Linton looked at me, but did not answer; and, after keeping her seat by his side another ten minutes, during which his head fell drowsily on his breast, and he uttered nothing except suppressed moans of exhaustion or pain, Cathy began to seek solace in looking for bilberries, and sharing the produce of her researches with me: she did not offer them to him, for she saw further notice would only weary and annoy.
“Is it half-an-hour now, Ellen?” she whispered in my ear, at last. “I can’t tell why we should stay. He’s asleep, and papa will be wanting us back.”
“Well, we must not leave him asleep,” I answered; “wait till he wakes, and be patient. You were mighty eager to set off, but your longing to see poor Linton has soon evaporated!”
“Why did he wish to see me?” returned Catherine. “In his crossest humours, formerly, I liked him better than I do in his present curious mood. It’s just as if it were a task he was compelled to perform—this interview—for fear his father should scold him. But I’m hardly going to come to give Mr. Heathcliff pleasure; whatever reason he may have for ordering Linton to undergo this penance. And, though I’m glad he’s better in health, I’m sorry he’s so much less pleasant, and so much less affectionate to me.”
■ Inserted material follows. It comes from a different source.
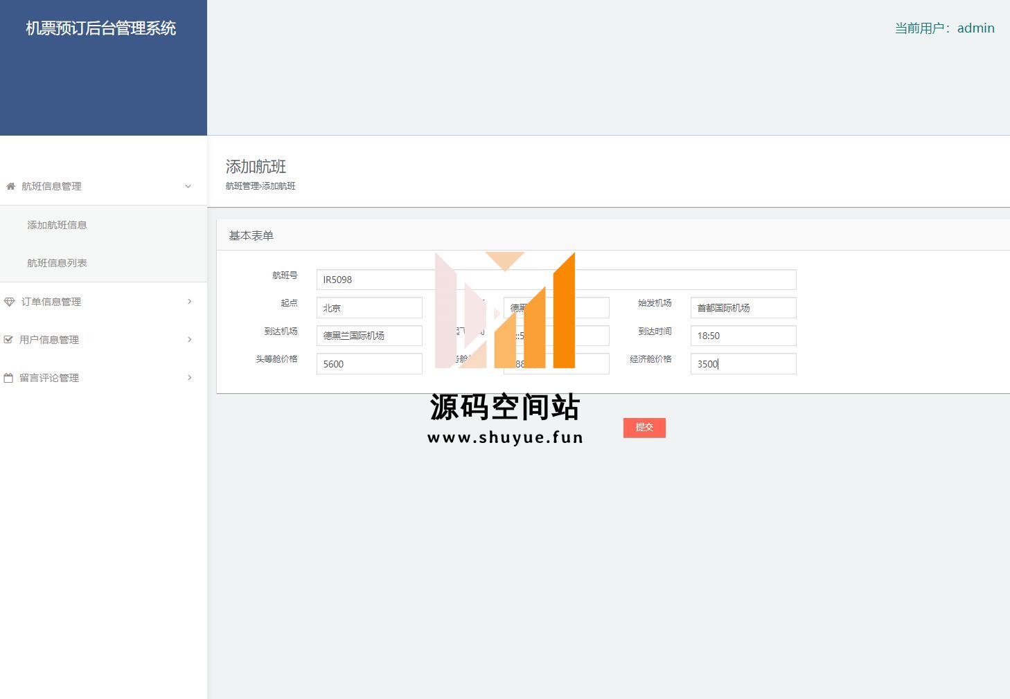 管理员登录,添加航班,航班列表,查看订单,查看用户信息,留言管理等功能。更多项目源码,请到“源码空间站”,地址:http://www.shuyue.fun/

“You think he is better in health then?” I said.
“Yes,” she answered; “because he always made such a great deal of his sufferings, you know. He is not tolerably well, as he told me to tell papa; but he’s better, very likely.”
“There you differ with me, Miss Cathy,” I remarked; “I should conjecture him to be far worse.”
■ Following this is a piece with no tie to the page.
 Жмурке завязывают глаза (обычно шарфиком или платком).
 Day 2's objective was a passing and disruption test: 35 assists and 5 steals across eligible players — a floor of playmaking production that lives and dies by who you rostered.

Linton here started from his slumber in bewildered terror, and asked if any one had called his name.
“No,” said Catherine; “unless in dreams. I cannot conceive how you manage to dose out of doors, in the morning.”
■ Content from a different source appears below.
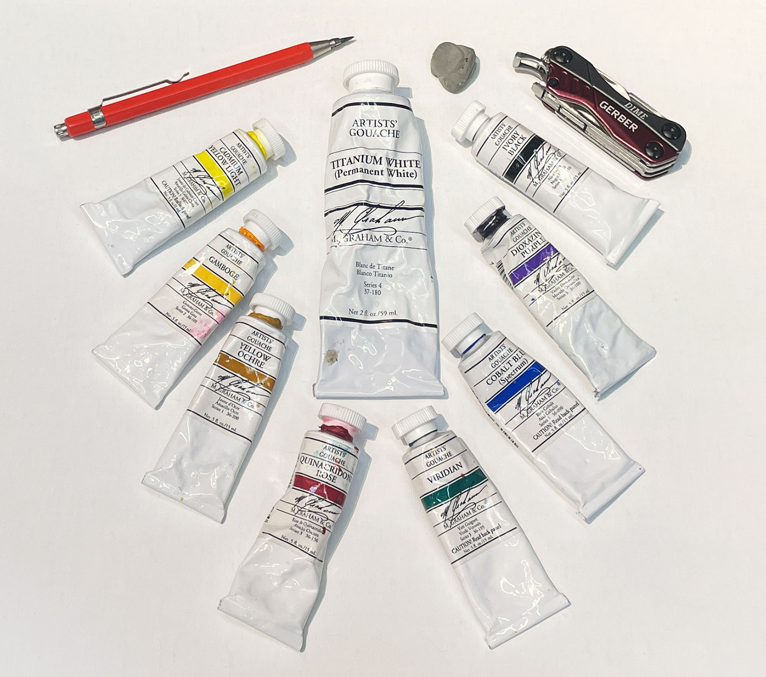 - Small pouch with 9 tubes of M. Graham & Co. gouache paint, a pencil, a kneaded eraser, and a small multi-tool for opening paint tubes, etc. (see next photo for contents of this pouch)

“I thought I heard my father,” he gasped, glancing up to the frowning nab above us. “You are sure nobody spoke?”
“Quite sure,” replied his cousin. “Only Ellen and I were disputing concerning your health. Are you truly stronger, Linton, than when we separated in winter? If you be I’m certain one thing is not stronger—your regard for me: speak,—are you?”
The tears gushed from Linton’s eyes as he answered, “Yes, yes, I am!” And, still under the spell of the imaginary voice, his gaze wandered up and down to detect its owner. Cathy rose. “For to-day we must part,” she said. “And I won’t conceal that I have been sadly disappointed with our meeting; though I’ll mention it to nobody but you: not that I stand in awe of Mr. Heathcliff.”
“Hush,” murmured Linton: “for God’s sake, hush! He’s coming.” And he clung to Catherine’s arm, striving to detain her; but at that announcement she hastily disengaged herself, and whistled to Minny, who obeyed her like a dog.
“I’ll be here next Thursday,” she cried, springing to the saddle. “Good-bye. Quick, Ellen!”
And so we left him, scarcely conscious of our departure, so absorbed was he in anticipating his father’s approach.
Before we reached home, Catherine’s displeasure softened into a perplexed sensation of pity and regret, largely blended with vague, uneasy doubts about Linton’s actual circumstances, physical and social; in which I partook, though I counselled her not to say much; for a second journey would make us better judges. My master requested an account of our on-goings. His nephew’s offering of thanks was duly delivered, Miss Cathy gently touching on the rest: I also threw little light on his enquiries, for I hardly knew what to hide, and what to reveal.